LONDON (Reuters) – Britain’s parliamentary Speaker reprimanded Prime Minister Boris Johnson’s government on Wednesday for disregarding the House of Commons with its COVID-19 measures, calling on ministers to better include lawmakers in their decisions.

But Lindsay Hoyle decided against allowing lawmakers the chance to consider a so-called amendment to a vote on the extension of emergency laws to impose restrictions that would have made sure parliament played a greater role.

Several lawmakers from Johnson’s own Conservative Party have threatened to rebel against the government over renewing the Coronavirus Act, which some said had allowed it to govern by diktat and deprive people of their civil liberties.

“The way in which the government has exercised its powers to make secondary legislation during this crisis has been totally unsatisfactory,” Hoyle told parliament, adding some explanations the government had offered on why it had bypassed parliament showed a “total disregard” for lawmakers.

“The government must make greater efforts to prepare measures more quickly, so that this House can debate and decide upon the most significant measures at the earliest possible point,” he added.

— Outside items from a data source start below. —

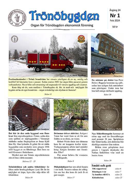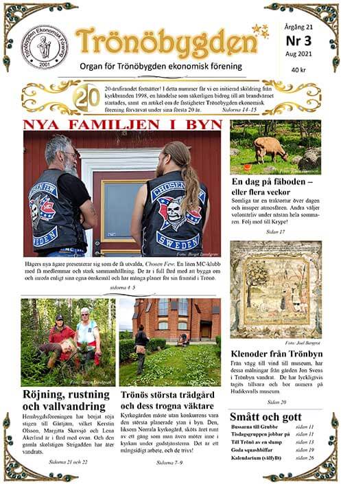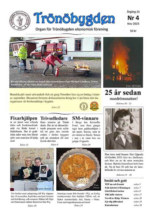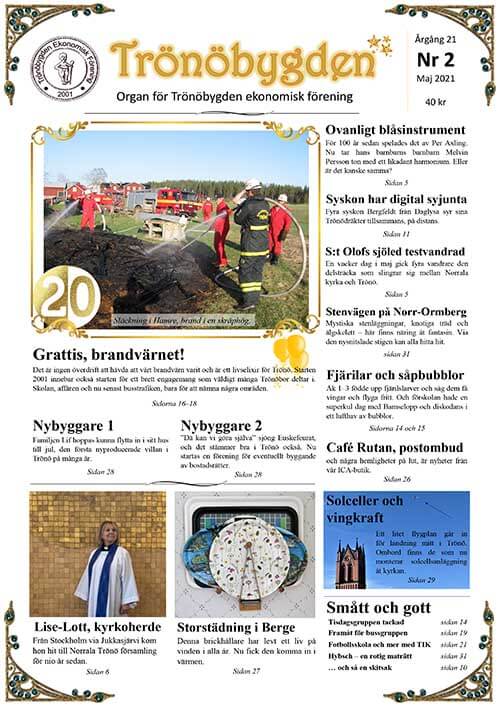 Vi vill rikta ett stort TACK till våra annonsörer, ert stöd är en förutsättning för att kunna ge ut vår tidning. Tidningen gavs ut första gången år 2001 och tillsammans med redaktionens frivilliga insatser och alla de Trönöbor som medverkar kan vi hålla en regelbunden utgivning av en bra bygdetidning för medlemmarna i Trönö Brandvärn och alla Trönövänner!
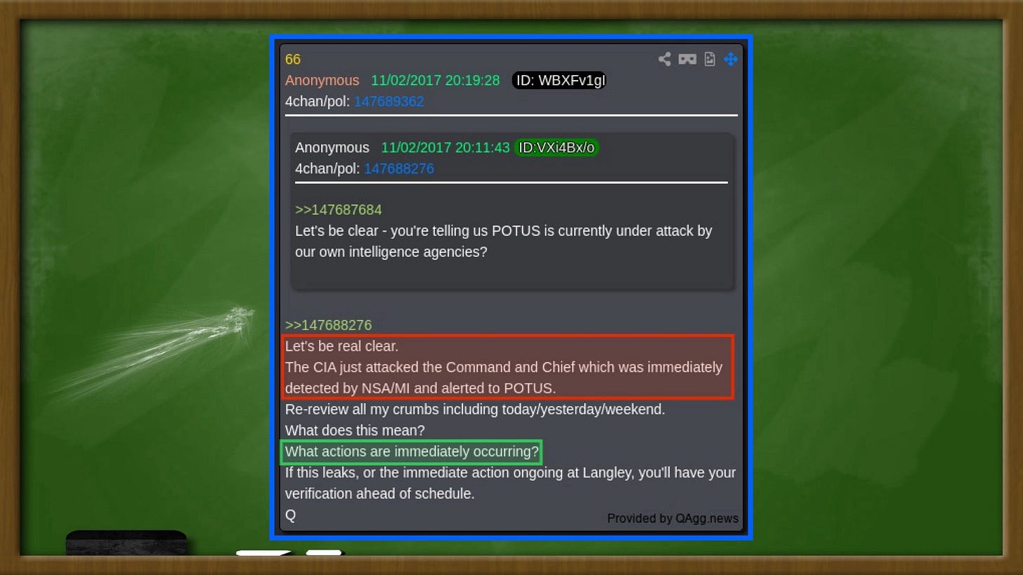 Here, we see Q replying to an Anon. The Anon asked Q if POTUS was being attacked by his own intelligence agencies. This attack was detected by white hat elements within the NSA, and POTUS was immediately made aware. This means that within a mere week of the Q Drops’ existence, [they] have become so unsettled that they have begun attacking POTUS directly, and of course, this attack also signals that big tech is involved as well.
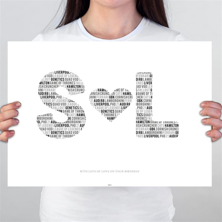 This fabulous personalised couples letter poster makes a unique gift for a loving couple. Select 2 letters which will be separated by a heart and these will then be filled with personalisation of your choosing.
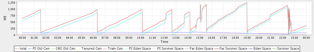 avg(total) = 578.41 avg(PS Old Gen) = 57.28 avg(CMS Old Gen) = 0.00 avg(Tenured Gen) = 0.00 avg(Train Gen) = 0.00 avg(PS Eden Space) = 486.19 avg(PS Survivor Space) = 34.94 avg(Par Eden Space) = 0.00 avg(Par Survivor Space) = 0.00 avg(Eden Space) = 0.00 avg(Survivor Space) = 0.00
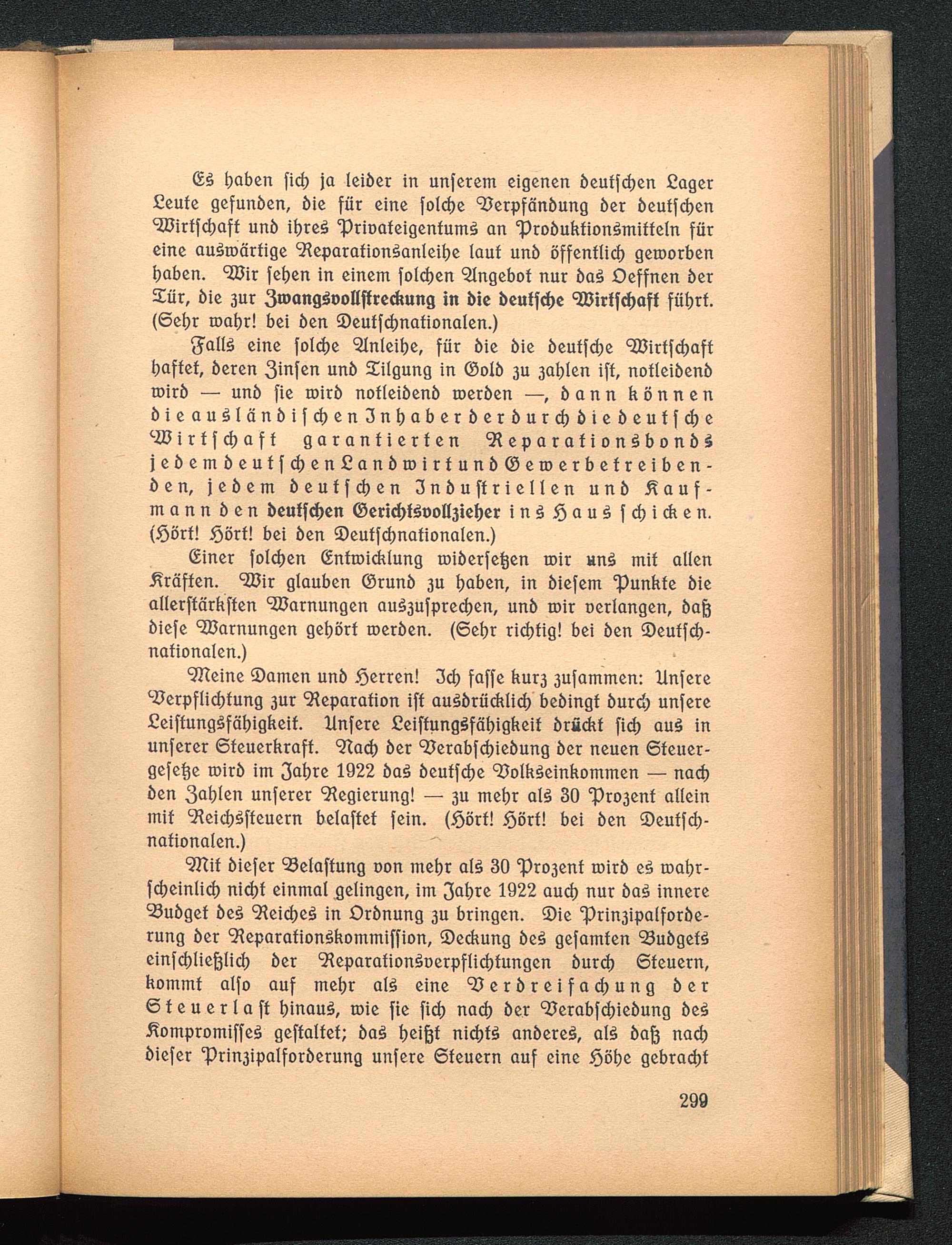 Rteine ©amen unb iöerren! 3ch faffe kur3 3ufammen: UnfereVerpflichtung 3ur Reparation ift auäbrücklid) bebingt burd) unfereCeiftungSfähigkeit. Hnfere CeiftungSfähigkeit brückt fid) au$ inunferer ©teuerkraft. Rad) ber Verabfd)iebung ber neuen ©teuer-gefetje roirb im 3<*hte 1922 ba£ beutfdje Volkseinkommen — nad)ben 3<*hlen unferer Regierung! — 3U mehr al£ 30 ^^ent alleinmit Reicf)3ffeuern belaftet fein. (ioört! i$örf! bei ben ©eutfch-nationalen.)

A rebellion would dent Johnson’s authority and ministers have been trying to defuse any revolt by promising parliament they would involve it more.

A spokesman for Johnson said the government was “looking at further ways to involve parliament in the process in advance …I think at the same time it does remain vital that we can move quickly to stop the virus spreading.”

Health minister Matt Hancock will address parliament later when he will set out the government’s plans.

Hoyle said he sympathised with lawmakers’ concerns, but could not allow parliament to vote on an amendment by senior Conservative Graham Brady which would have forced the government to get parliamentary approval before any more national restrictions were imposed.

“I now look to the government to rebuild trust with this House and not treat it with the contempt that it has shown,” he said.